Partisipasi bermakna
Anggota Komisi III DPR dari Fraksi Partai Gerindra, Habiburokhman, mengatakan, meski masih banyak masukan publik yang harus diperhatikan, hal itu harus dituntaskan secepatnya. Sebab, baik pemerintah maupun Komisi III menargetkan agar RKUHP bisa segera disahkan.
”Prinsipnya, masa sidang depan (RKUHP) harus kita ketok,” kata Habiburokhman.
Anggota Komisi III DPR dari Fraksi Partai Nasdem, Taufik Basari, sepakat, target waktu untuk menyelesaikan pembahasan RKUHP harus ditetapkan, yakni masa sidang berikutnya. Namun, ia juga mengusulkan agar waktu pembahasan selama satu masa sidang yang tersisa nantinya bisa dioptimalkan tidak hanya untuk memperbaiki berbagai kesalahan, tetapi juga tetap membuka ruang partisipasi publik.
Partisipasi yang dimaksud juga bukan sekadar melalui penyampaian saran ke Komisi III, tetapi bisa juga melalui berbagai diskusi publik di berbagai tempat. ”Ruang itu harus tetap kita buka untuk memastikan bahwa prinsip partisipasi bermakna dilaksanakan secara konkret sehingga RKUHP tidak dikesankan hanya milik DPR dan pemerintah, tetapi milik semua orang,” kata Taufik.

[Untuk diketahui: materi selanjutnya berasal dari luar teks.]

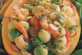 Pour 6 personnes : 1 melon vert de 1,5 kg environ, 2 avocats, 250 g de queues de gambas cuites, 1 douzaine de radis, le jus d’un demi-citron, 2 oignons frais, 3 brins d’aneth.

Selain tetap membuka ruang partisipasi, kata Taufik, diperlukan pula simulasi untuk sejumlah pasal yang menjadi kontroversi di masyarakat. Hasil simulasi nantinya dijadikan sebagai memorie van toelichting atau risalah yang berisi penjelasan latar belakang rumusan pasal dalam perumusan undang-undang. Selain itu, dibutuhkan pula harmonisasi RKUHP dengan undang-undang lain yang mengandung ketentuan pidana.